◆ Problem to work on
Restate the lines word for word, from the first line of the records through the line containing "However, the control". Leave out the pictures and anything after that line.

========================

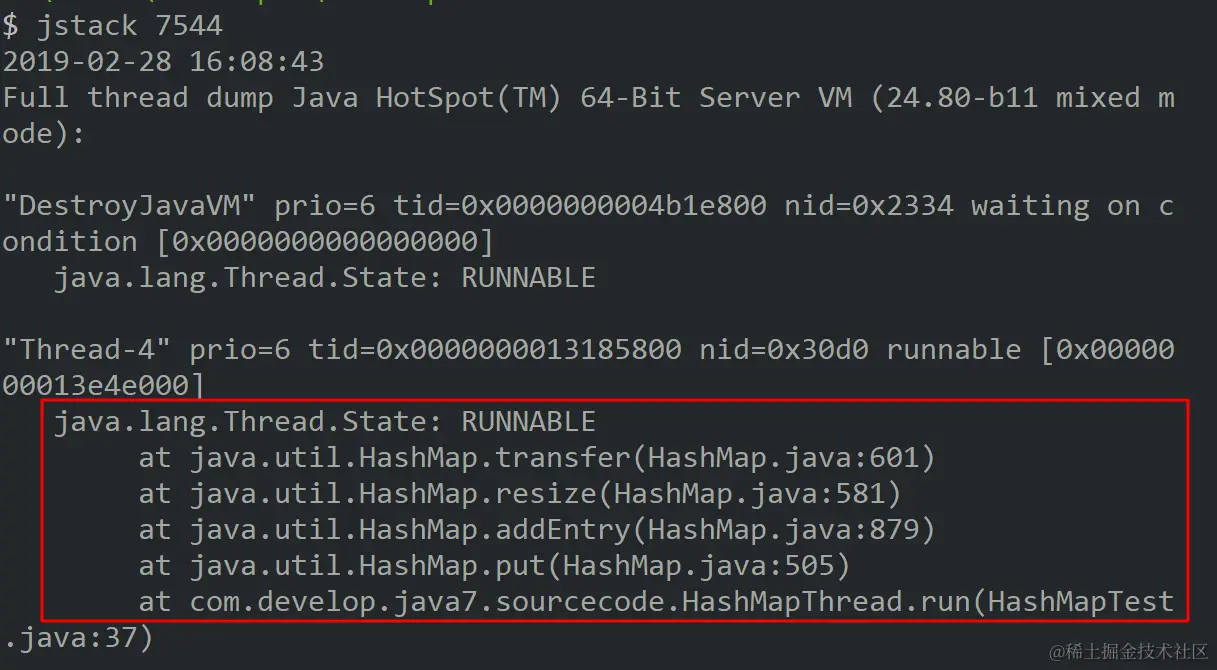 这里我们着重分析为什么会出现死循环的情况,通过jps和jstack命名查看死循环情况,结果如下:
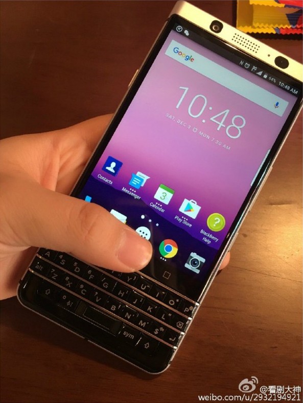 而微博用户@东通黑莓 则称,此图为工程样机,该新机采用骁龙 820/821 处理器、Adreno 530 GPU、运行 Android 7.0 系统、指纹在空格键上。同时,他也表示这是黑莓公司设计的最后一款手机。
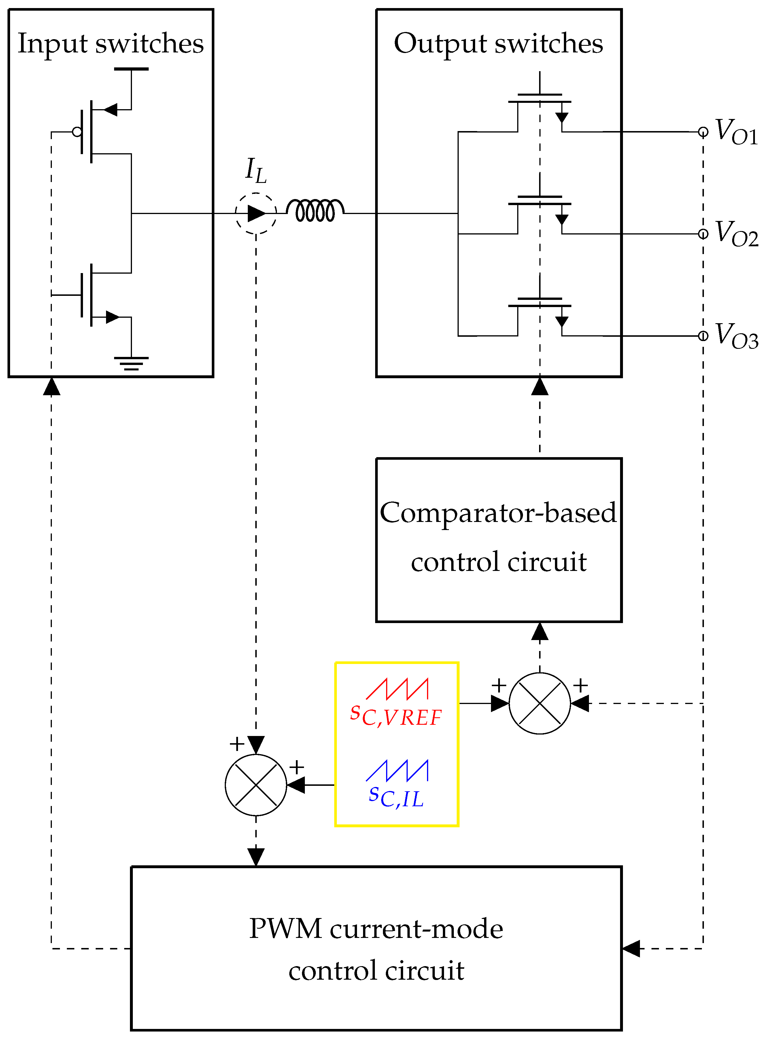 However, the control strategy presented in this article has two different control loops: a current-mode control loop for the input switches and a comparator-based control loop for the output switches. This configuration has the advantage of minimizing the cross-regulation phenomenon compared with conventional control strategies. The drawback is that subharmonic oscillations can occur because of parallel control loops. Thus, a solution is proposed with double slope compensation, one for each control loop.
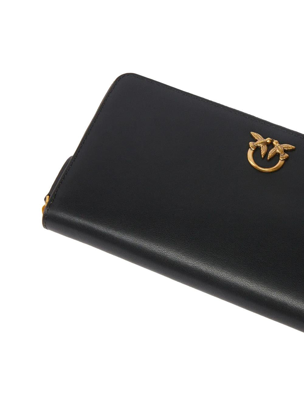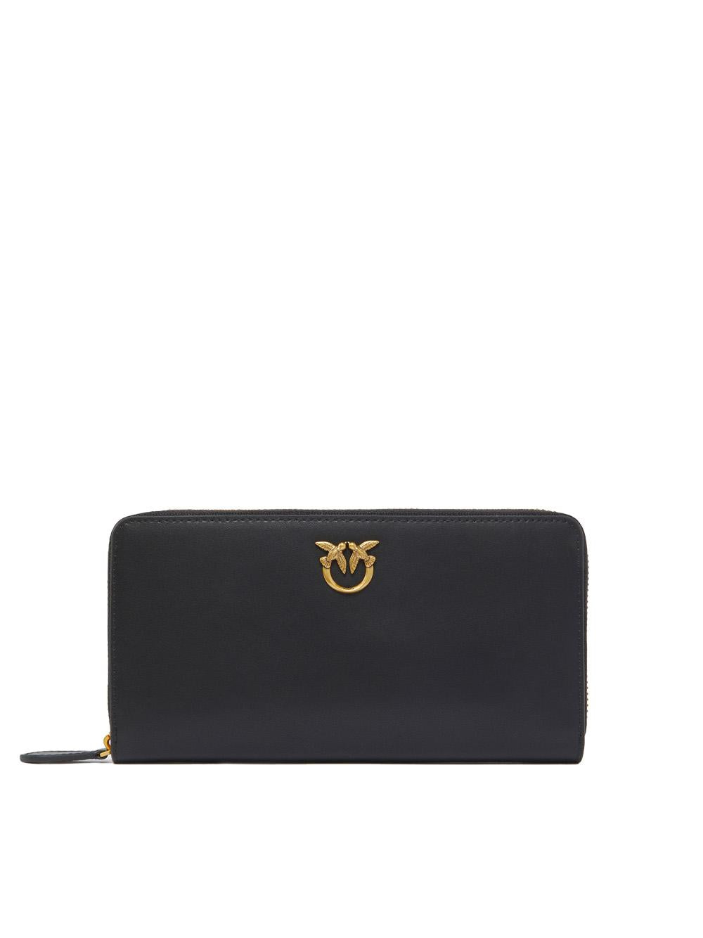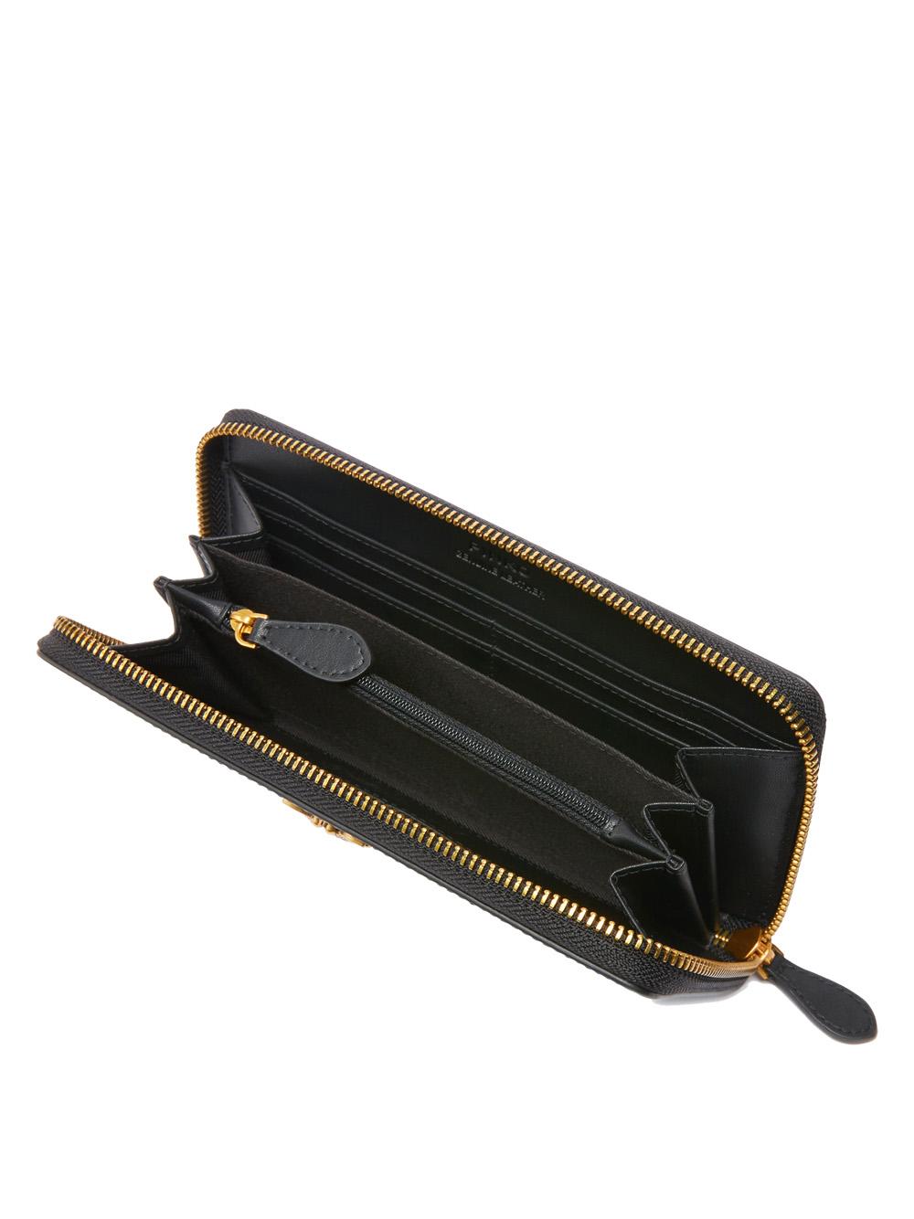 black leather zip-around wallet
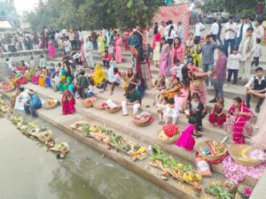 सफीदों, (एस• के• मित्तल) : नगर के ऐतिहासिक नागक्षेत्र सरोवर पर छठ पर्व धूमधाम से मनाया गया। इस उपलक्ष्य में नागक्षेत्र सरोवर के घाटो को दुल्हन की तरह से सजाया गया। इस पर्व को लेकर श्रद्धालुगण सांय को ही नगर के सरोवर पर पहुंच गए थे। श्रद्धालुओं ने यहां पहुंचकर पंडाल बनाकर पूजा-अर्चना की और डूबते सूर्य को अर्घ्य दिया था। उसके उपरांत अपने-अपने पांडाल में रात भर यहीं रहकर भजन-कीर्तन करते छठी मईया के गीत गाए। सुबह होते ही श्रद्धालुओं ने नागक्षेत्र सरोवर में डूबकी लगाई। पूजा-अर्चना के उपरांत उगते सूर्य को अर्घ्य देकर अपना कई दिनों से चल रहा अनुष्ठान संपन्न किया। नागक्षेत्र सरोवर पर प्रसाद वितरित करके अपने घरों को लौट गए।

========================

◆ Output of the task
 这里我们着重分析为什么会出现死循环的情况,通过jps和jstack命名查看死循环情况,结果如下:
 而微博用户@东通黑莓 则称,此图为工程样机,该新机采用骁龙 820/821 处理器、Adreno 530 GPU、运行 Android 7.0 系统、指纹在空格键上。同时,他也表示这是黑莓公司设计的最后一款手机。
 However, the control strategy presented in this article has two different control loops: a current-mode control loop for the input switches and a comparator-based control loop for the output switches. This configuration has the advantage of minimizing the cross-regulation phenomenon compared with conventional control strategies. The drawback is that subharmonic oscillations can occur because of parallel control loops. Thus, a solution is proposed with double slope compensation, one for each control loop.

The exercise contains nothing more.